Consolidation Rules:
- An equity investment involving more than 20% but less than 50% of the equity of another firm is recorded as an investment. This will typically show up on the balance sheet as ‘investments in unconsolidated subsidiaries’.
- If the firm owns more than 50% of a subsidiary, then the rules of accounting call for consolidation of the subsidiary into the firm’s balance sheet and income statement. A minority interest account appears between liabilities and shareholders’ equity, representing the value of the minority-owned shares, because 100% of the value of the subsidiary’s assets were incorporated into the consolidated balance sheet.
- The presence of a long-term investment category on a firm’s balance sheet signifies the presence of a potentially significant non-operating asset that will need to be valued.
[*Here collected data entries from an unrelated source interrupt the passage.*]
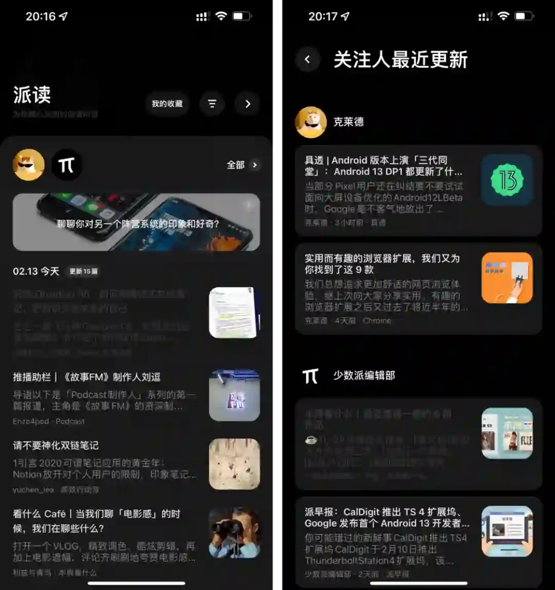 我们也用「派读」代替了客户端中原有的「关注」时间流,在「派读」界面的最上方,你可以看到关注的创作者中哪些人有新的动态,点击即可查看他们发布 / 点赞的文章、参与的讨论等等。如果你关注的话题在少数派上有新的「一派」讨论活动,也会呈现在这里,期待你的每一次发言。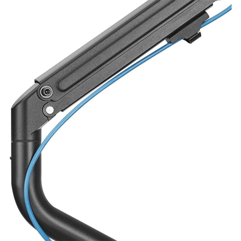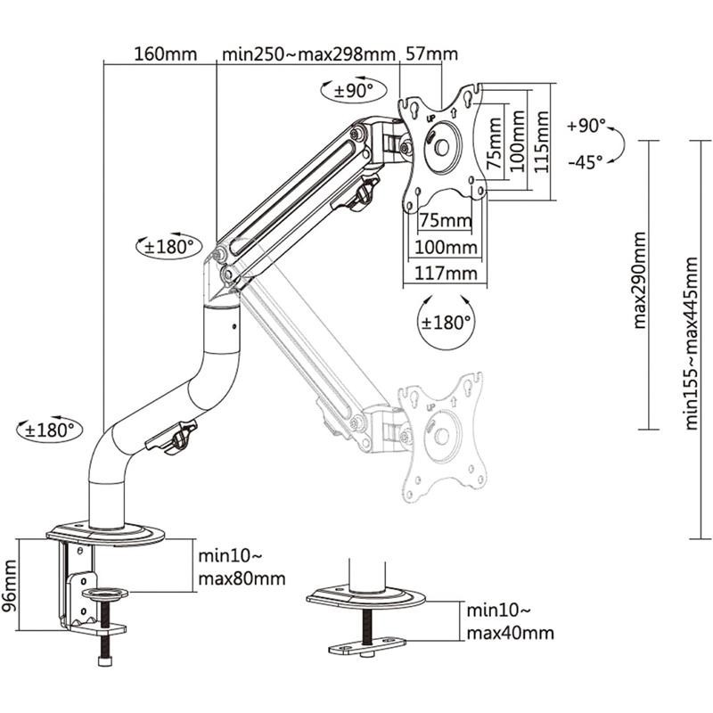 Soporte de mesa Eco Aisens contrapesogiratorio e inclinable para monitor/TV de 3 pivotes y 1 brazo fabricado con acero de alta resistencia y pintado con pintura electrostática para un acabado perfecto. Se permite la instalación en la mesa a través de abrazadera o de tornillo pasante.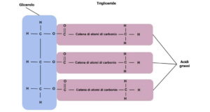 Un trigliceride è composto da una molecola di glicerina alla quale sono legate tre catene di acidi grassi, che possono essere anche diversi tra loro e la cui lunghezza ed il cui numero di doppi legami presenti ne determina variazioni nel comportamento chimico. Una maggiore lunghezza ne determina un maggior carattere apolare e punti di fusione iù elevati, così come un maggior numero di insaturazioni li rende più polari oltre che con una maggiore presenza di punti di attacco da parte di agenti esterni che ne possono provocare l’ossidazione o altri tipi di decomposizioni.
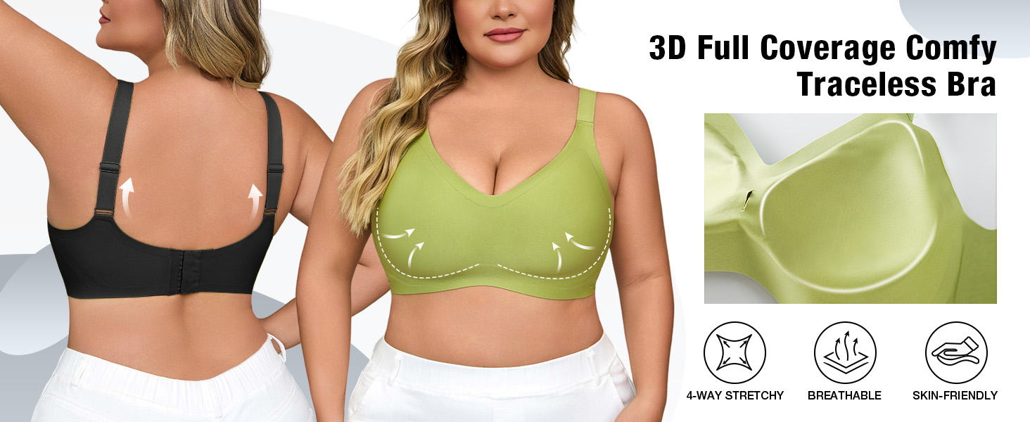 【WIREFREE & SILICONE LINE SUPPORT】Say goodbye to uncomfortable underwires! Our new technique of silicone lines provide gentle support without compromising comfort

This means that the analyst will need to dig deeper into the footnotes of the financial statement to determine the exact nature of the investments in order to determine an appropriate approach to valuing them. This line item (sometime referred to as long-term investments because they are assets the company intends to hold for longer than one year) can consist of stocks and bonds of other companies, real estate, as well as cash set aside for a specific purpose.
Ratio Analysis
Categories of ratios:
- Profitability Ratios
- Profit margin (net income/sales)
- Return on assets (ROA) = net income/total assets
- Return on equity (ROE) = net income/total equity
- Short-term solvency (liquidity ratios)
- Current ratio (CA/CL)
- Quick ratio (CA-inventory)/CL
- Long-term solvency
- Leverage ratios
- Total liabilities to total assets (TL/TA)
- Total liabilities to total equity (TL/TE)
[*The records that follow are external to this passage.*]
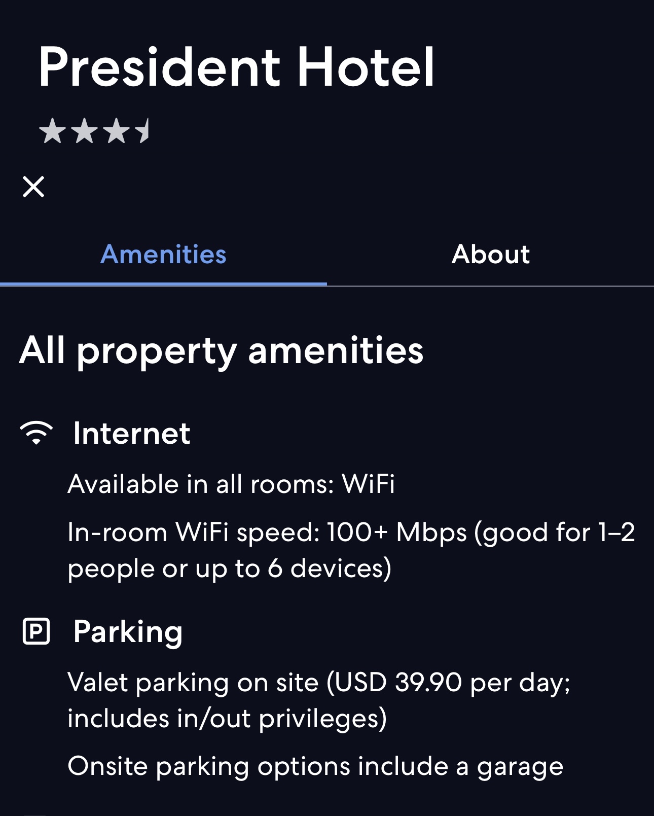 We booked a 7 day stay at President Villa with a family of four (two teens) in end Oct 2024 through Booking.com with a small discount about 10 days in advance. Two large queen size beds, a small refridgerator and breakfast included. Our room was clean and free from problems. Maybe little low on water preasure on the third floor. As stated, room is not cleaned the first three days.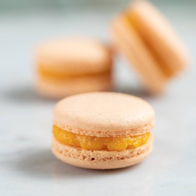 O tradicional macaron francês feito com farinha de amêndoas e delicioso recheio de pasta artesanal de damasco, sem glúten e sem lactose.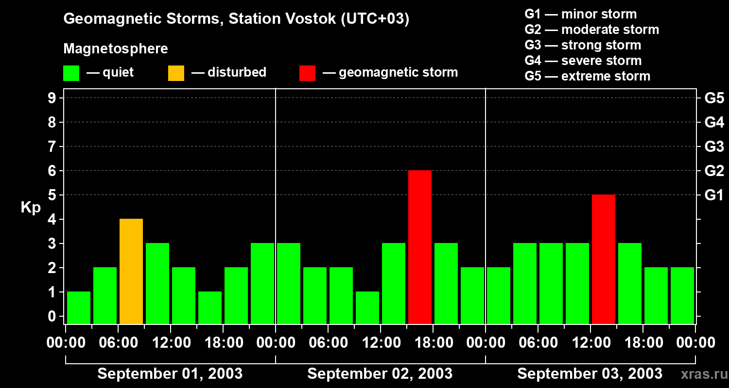 Geomagnetic storms in Station Vostok — Sep 03, 2003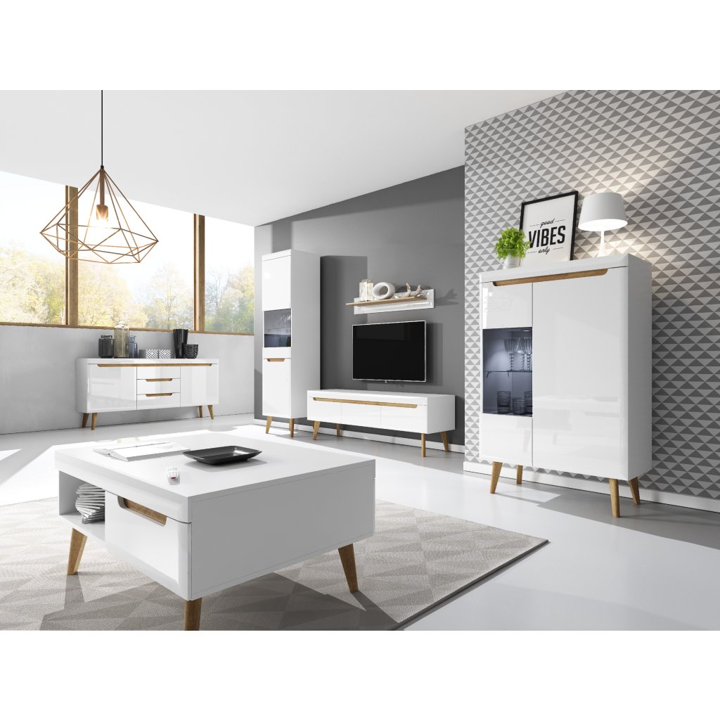 Představte si nejen moderní, ale také funkční kus nábytku, který se stane středobodem Vašeho obývacího pokoje - moderní konferenční stůl NADIA. Tento kousek nábytku je dokonalým spojením jedinečných přírodních a moderních prvků v kombinaci dekoru Bílá lesk/Dub Riviera s vysokými dřevěnými nohami v černé barvě a vybaven systémem push to open pro snadné otevírání a zavírání dvířek.
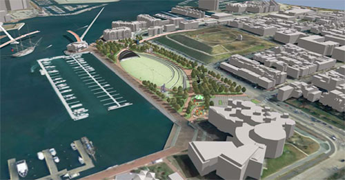 GBC also proposed projecting colors and images onto buildings that frame the harbor, synchronized geysers for the harbor and three concepts for a waterfront park at Rash Field. Designed by Ayers Saint Gross of Baltimore, the Rash Field plans call for beach volleyball courts, a playground and public art installations. One concept envisions a concert band shell at the east end and a large green space in the center, a-la Chicago's Millennium Park and the Pritzker Pavilion.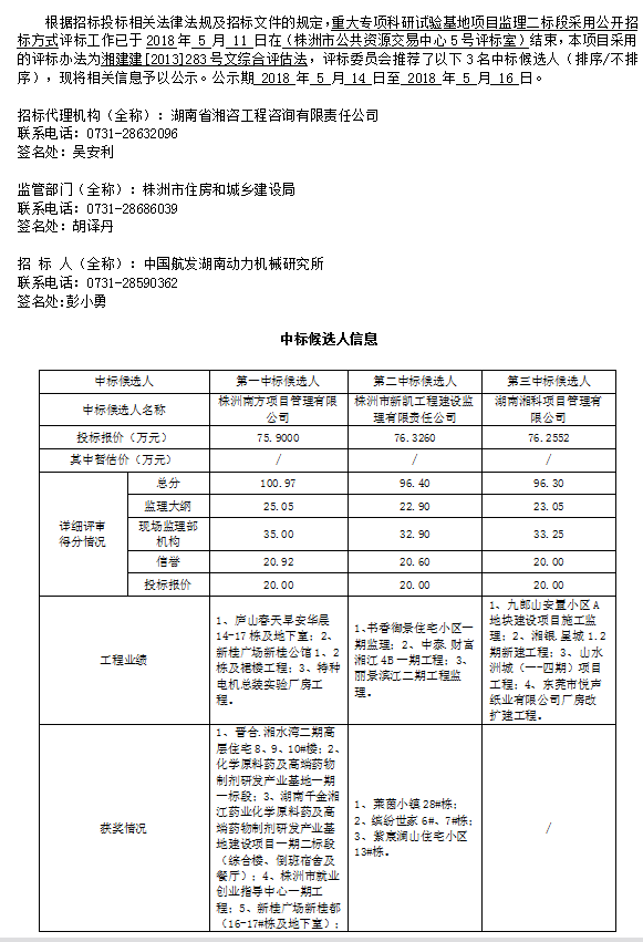 重大專項(xiàng)科研試驗(yàn)基地項(xiàng)目監(jiān)理二標(biāo)段 招標(biāo)投標(biāo)信息公示表

- Total assets to Owners’ equity (equity multiplier): TA/TE
- Total debt to equity (TD/TE)
- Coverage ratios
- Times interest earned/EBIT interest coverage (EBIT/interest)
- Cash coverage/EBITDA Interest coverage (EBIT + Depreciation)/Interest
- Leverage ratios
- Asset utilization ratios (AKA Activity)
- Total assets turnover (sales/total assets)
- Inventory turnover (COGS/inventory)
- The longer inventory sits on a company’s shelves, the lower the rate of return on those assets, and the greater their vulnerability to falling prices and obsolescence. You want to keep your inventory turning, however not at the expense of your overall profit margins or business strategy
- Days in inventory (365/inventory turnover)
- Receivables turnover (sales/avg. Accounts receivable)
- Avg. Collection period (365/receivables turnover)
- Valuation multiples
Benchmarking using ratios: so, what is a good benchmark?
It is often not clear what is a ‘good’ or ‘bad’ level for a financial ratio and no one benchmark exists for all companies in all valuation contexts. We know ratios vary over time and we know they vary by industry – we also know that companies tend to regress towards the mean – so a common benchmark is the company’s industry or comparable group. That said – deviations from the ‘norm’ might be good and indicate an industry leader and a potential competitive advantage.
Sales Growth Rate (CAGR = Compounded Annual Growth Rate)
ales growth is an important driver of the need to invest in various types of assets and of the company’s value. It also provides some indication of the effectiveness of firm’s strategy and product development activities.
Analyzing Growth:
Growth can be disaggregated into three main components:
- Portfolio Momentum: organic revenue growth a company enjoys because of overall expansion in the market segements of its portfolio
- Market share performance: organice revenue growth from a company gaining or losing share in a particular market
- Mergers and acquisitions: inorganic growth a company achieves when it buys or sells revenues through acquisitions or divestments
Growth and Value: growth translates to value when return on invested capital (ROIC) exceeds the cost of capital(!!!). Sustaining high growth is much more difficult than sustaining ROIC. Despite some variation on the patterns of growth, high growth is not sustainable, due to the natural cycles of products.